Aucuba japonica is top rate! It creates a presence in the winter garden giving structure and form before slowly moving backstage to allow its warm weather neighbors to shine. A true team player, aucuba’s evergreen foliage complements just about every planting. Not without flair, variegated cultivars add a touch of light and brightness to the shade garden. It’s hard to ask for much more.

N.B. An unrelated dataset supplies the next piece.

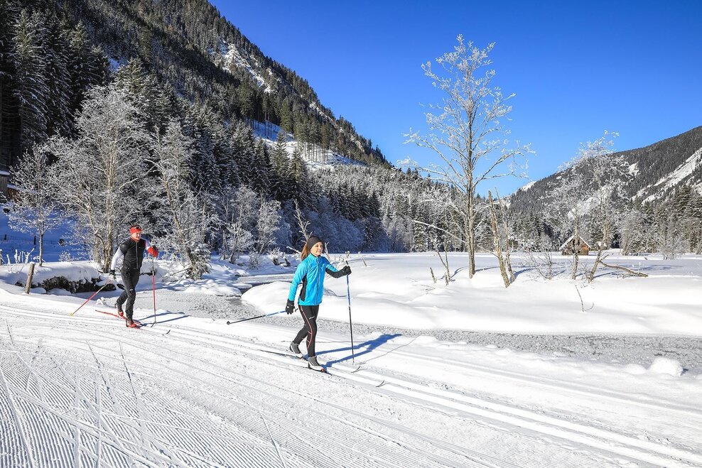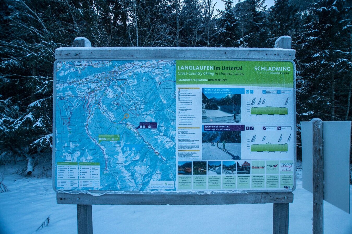 Wonderfully grommed classic cross-country trail along the Untertal valley, flanked by the impressive mountains of the Schladming Tauern range. Especially in the morning you get a taste from where the tracks got their name.

Our most recent accession, Aucuba japonica 'Mr. Goldstrike' is currently being grown on in the Wister Greenhouse. photo credit: J. Coceano

Josh Coceano
  • Thomas
    Posted at 15:02h, 14 March Reply

    All very true except for the deer part. I have clients where it is nibbled to trunk, and that is with spraying deer repellent.

    • Josh Coceano
      Posted at 15:31h, 14 March Reply

      I have noticed more and more aucuba planted in the surrounding neighborhoods and all seem untouched. Deer do frequent the Arboretum and don’t browse, though I suspect there are many other more appetizing choices. When all is said and done I think deer will eat just about anything!
      Thanks for sharing your experience.

  • Julie Vrooman
    Posted at 19:23h, 14 March Reply

    I would have to agree with Thomas. In the growing season the deer leave my acuba alone, but when winter comes it can get eaten down to the stems. The damage is much worse than on the nearby azalea. I would recommend Prunus laurocerasus (cherry laurel). It is as tough as the acuba and the cultivar I have (‘Schipkaensis’?) is about 8′ tall x 5′ wide. The deer have never touched it.

  • Dixon Teter, Ph.D.
    Posted at 08:03h, 24 October Reply

    As noted: when hungry deer will eat almost anything. My aucuba – browsed. A customer’s Schip laurels -heavily browsed one year only though and in all honesty there are as many as 15-18 in the herd that sleeps nearby. They even occasionally browse pieris japonica. The nursery industry used to say “deer do not eat” and now far more wisely says “deer resistant.” Though I will say that deer have NEVER touched either my poncirus trifoliata or my trochodendron aralioides. Both of which are great for light to medium shade.
    Thanks for all the great information and a beautiful space to tour!